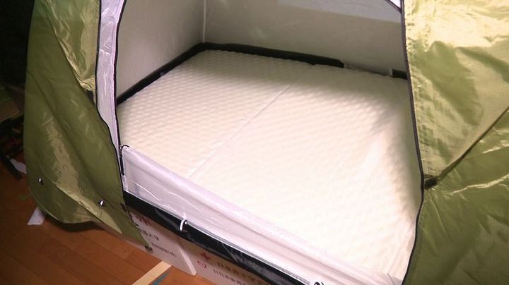さらに完成したベッドの上に1人用のテントを設置すれば保温効果が期待でき、プライバシーも確保できる「テント on the ベッド」の完成です。
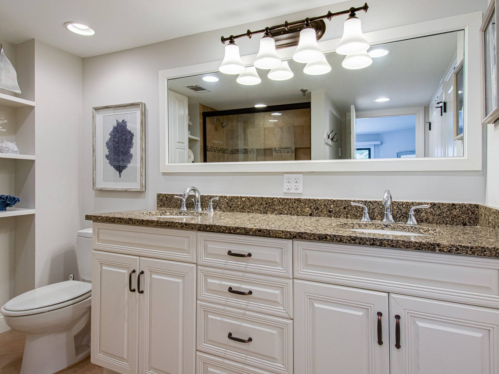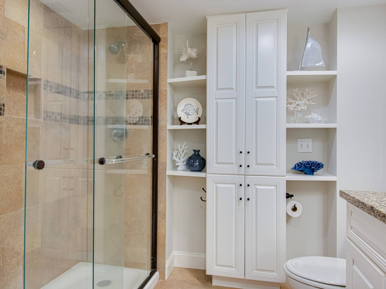 Behind the French doors is the master bedroom. This room has a soft blue spread, gray walls, cream colored rug and lots of coastal touches throughout. There is a king bed and a 40″ TV. You also have access to the balcony shared with the living room. The master bathroom has double granite vanities, nice built-in shelves, and a walk-in shower.
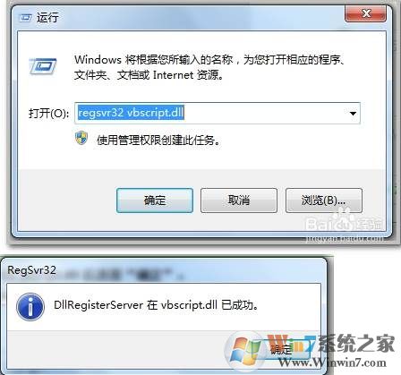 2、然后再輸入再次輸入regsvr32 vbscript.dll 選擇“確定”。
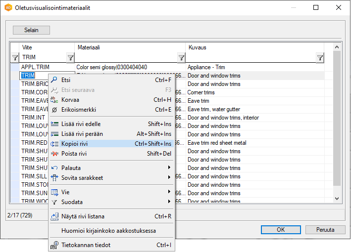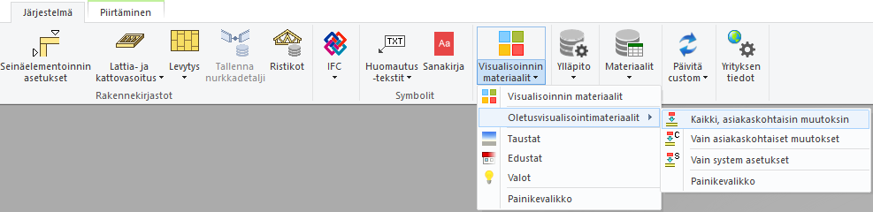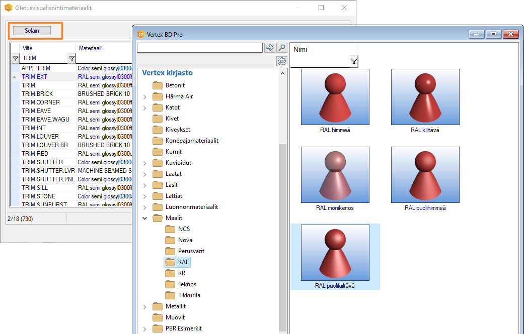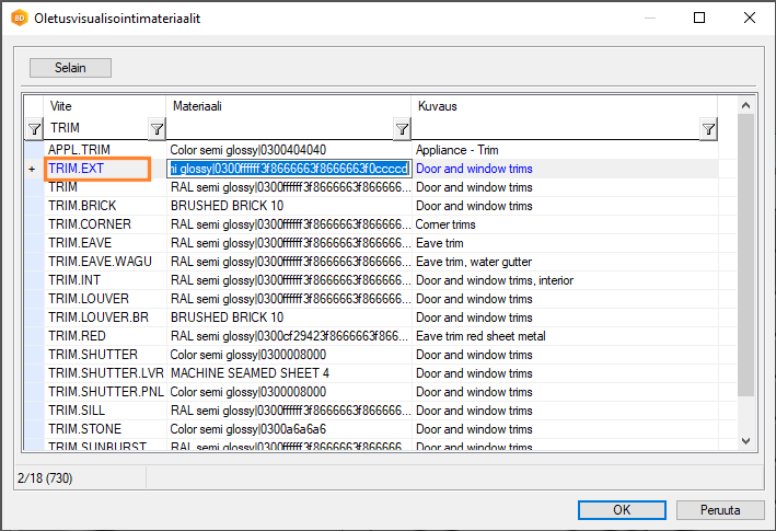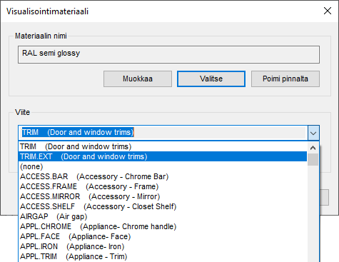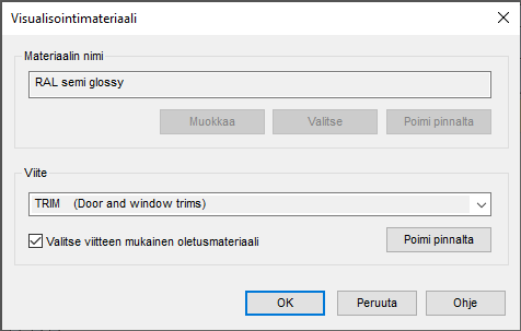 Osan visualisointimateriaali määräytyy osalle asetetun materiaaliviitteen mukaan. Viitteen oletusvisualisointimateriaali taas on asetettu materiaalien linkitystietokannassa (LWMAP). Voit lisätä linkitystietokantaan uuden viitteen, valita viitteelle oletusvisualisointimateriaalin, ja asettaa viitteen haluamallesi osalle.
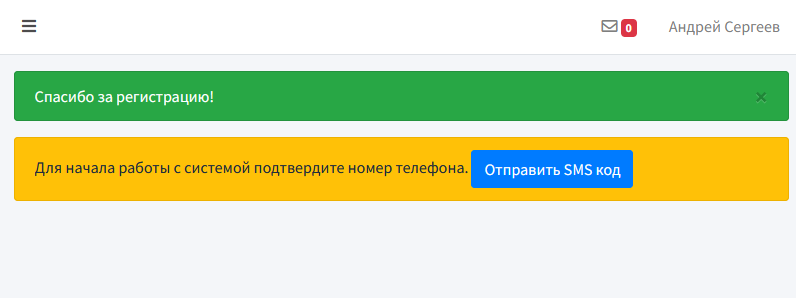 После успешной регистрации вы попадёте в личный кабинет, где в первую очередь вам необходимо будет подтвердить номер телефона. Для этого нажмите кнопку "Отправить SMS код".
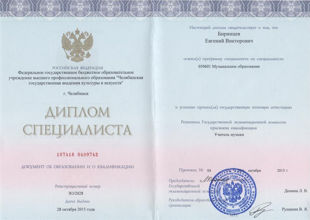 Квалификация - учитель музыки. Классическая гитара - класс заслуженного артиста России Ковбы Виктора Васильевича. Вокал - класс профессора Боровик Людмилы Григорьевны Дирижирование - класс профессора Булгаковой Светланы Николаевны
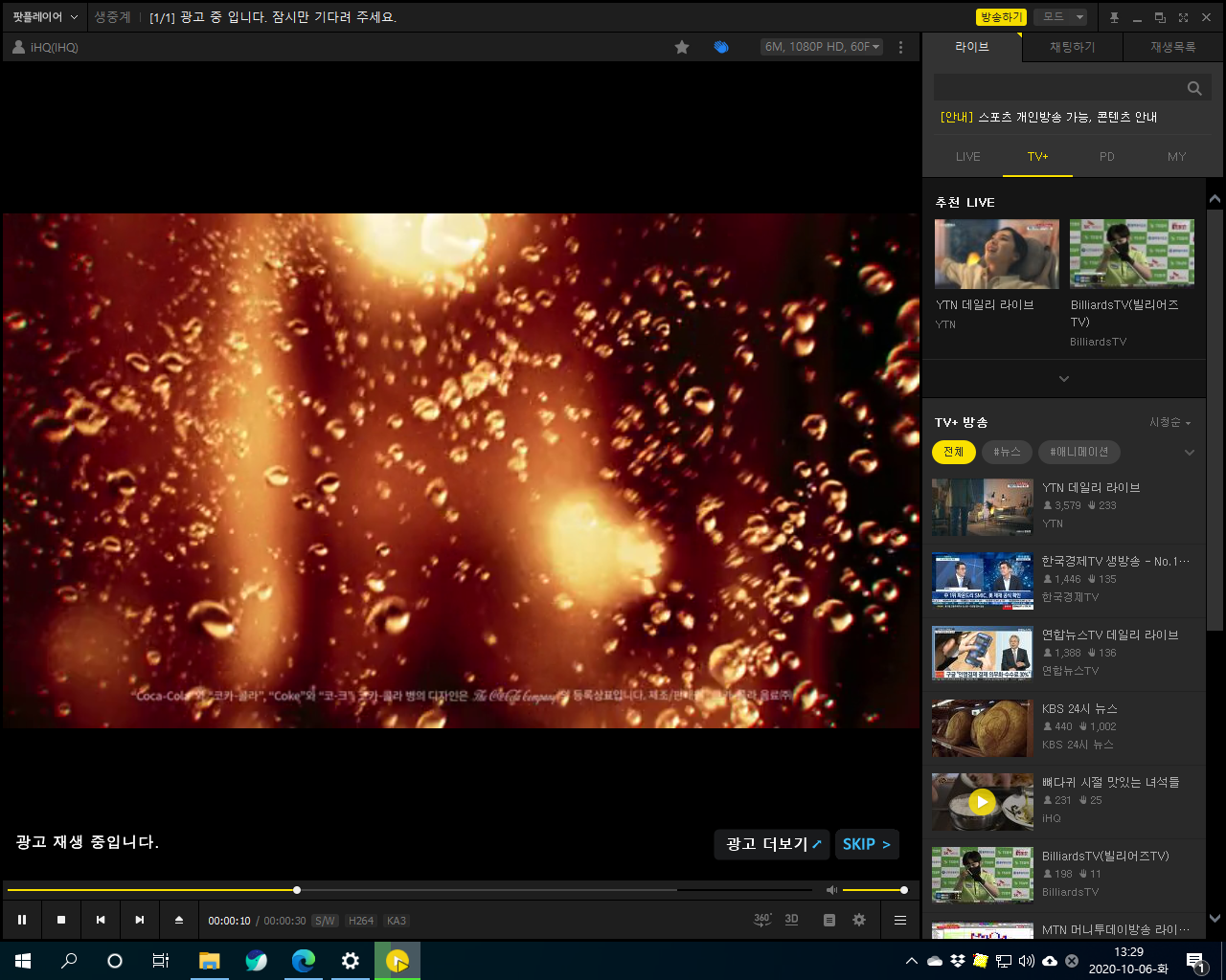 카카오TV 를 실행해 보았습니다. 역시 화질이 좋고 깨끗하게 잘 나옵니다.
....
• _What to do_
Could the lines from the first entry through the line that contains "Osan visualisointimateriaali määräytyy" be copied exactly, with all pictures left out?

• _Exercise answer_
さらに完成したベッドの上に1人用のテントを設置すれば保温効果が期待でき、プライバシーも確保できる「テント on the ベッド」の完成です。
 Behind the French doors is the master bedroom. This room has a soft blue spread, gray walls, cream colored rug and lots of coastal touches throughout. There is a king bed and a 40″ TV. You also have access to the balcony shared with the living room. The master bathroom has double granite vanities, nice built-in shelves, and a walk-in shower.
 2、然后再輸入再次輸入regsvr32 vbscript.dll 選擇“確定”。
 Osan visualisointimateriaali määräytyy osalle asetetun materiaaliviitteen mukaan. Viitteen oletusvisualisointimateriaali taas on asetettu materiaalien linkitystietokannassa (LWMAP). Voit lisätä linkitystietokantaan uuden viitteen, valita viitteelle oletusvisualisointimateriaalin, ja asettaa viitteen haluamallesi osalle.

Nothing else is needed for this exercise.